InsightMarch’s double-digit decline in meetings, conventions and incentives (MCI) arrivals to Hawaii didn’t come as a complete surprise to officials at the Hawaii Tourism Authority (HTA).

“We actually anticipated it,” David Uchiyama, vice president of brand management for the HTA, said of the 14.4% plunge. “Our meetings, convention and incentive business, especially our citywides, is a little weaker this year and next year. … And we knew our forward booking strength wasn’t as great as we’d like it to be.”

Year to date through March, Hawaii’s MCI arrivals were down 3.2%, and Uchiyama expects total 2012 business in that sector to remain relatively flat year over year.

“For us to be able to retain a pretty even market to last year, that’s really an accomplishment,” Uchiyama explained, noting that MCI demand remains tepid across the U.S. “If you look at the backlog of business on the books last year, it didn’t look like the year was going to hold up at all, so we were looking for it to be much worse than it actually is.”

According to Uchiyama, concerns about holding meetings in what some perceive as solely leisure destinations continue to hamper conventions and incentives bookings not only in Hawaii but also in places like Las Vegas and Florida. And the persistence of those attitudes has prompted the HTA to reassess some of its MCI goals.

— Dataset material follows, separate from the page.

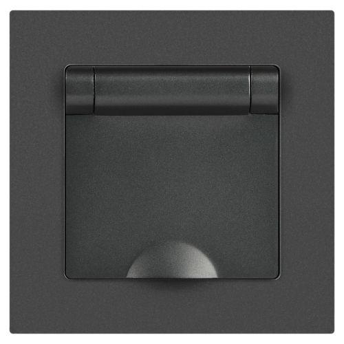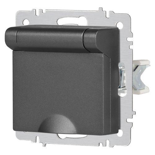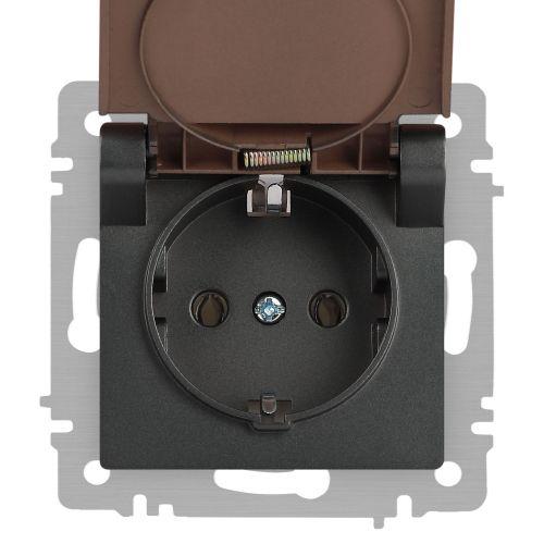 Розетка 1-м СП Accent 6-203-07 16А IP20 250В 2P+E Schuko с крышкой AL/CU графит Intro Б0063441
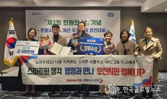 (한국글로벌뉴스 - 박소연 기자) 오산시가 22일 경기도에서 개최한 2024년 민원서비스 개선 우수사례 경진대회에서 최우수상을 받았다.

“We’re revisiting our entire approach and the meetings segments that we’re going after,” Uchiyama added. “We really need to assess what vertical markets within the meetings or business segment really have the wherewithal to meet in a location like ours. … And more specifically, we’re trying to build the backlog of business on the books.”

Uchiyama said the current strength of Hawaii’s leisure market is providing an opportune window for that assessment and a chance to begin planning for a trio of worrisome years looming later this decade. He said 2016 through 2018 “are years of concern. And in the past, we’ve not had the luxury of looking out that far in advance and saying, ‘Hey, we’ve got to do something about [2016-18], because we lost Aloha Airlines or oil prices shot through the roof and airfares were skyrocketing or Wall Street collapsed or H1N1 or the Japanese tsunami.”

In the meantime, however, Oahu recently enjoyed a substantial boost in MCI business from the 14,500 attendees of the American Association of Orthodontists 112th Annual Session, held at Honolulu’s Hawaii Convention Center from May 4 to 8, and will welcome more than 1,000 people for the American Pain Society’s annual scientific meeting at the venue later this week.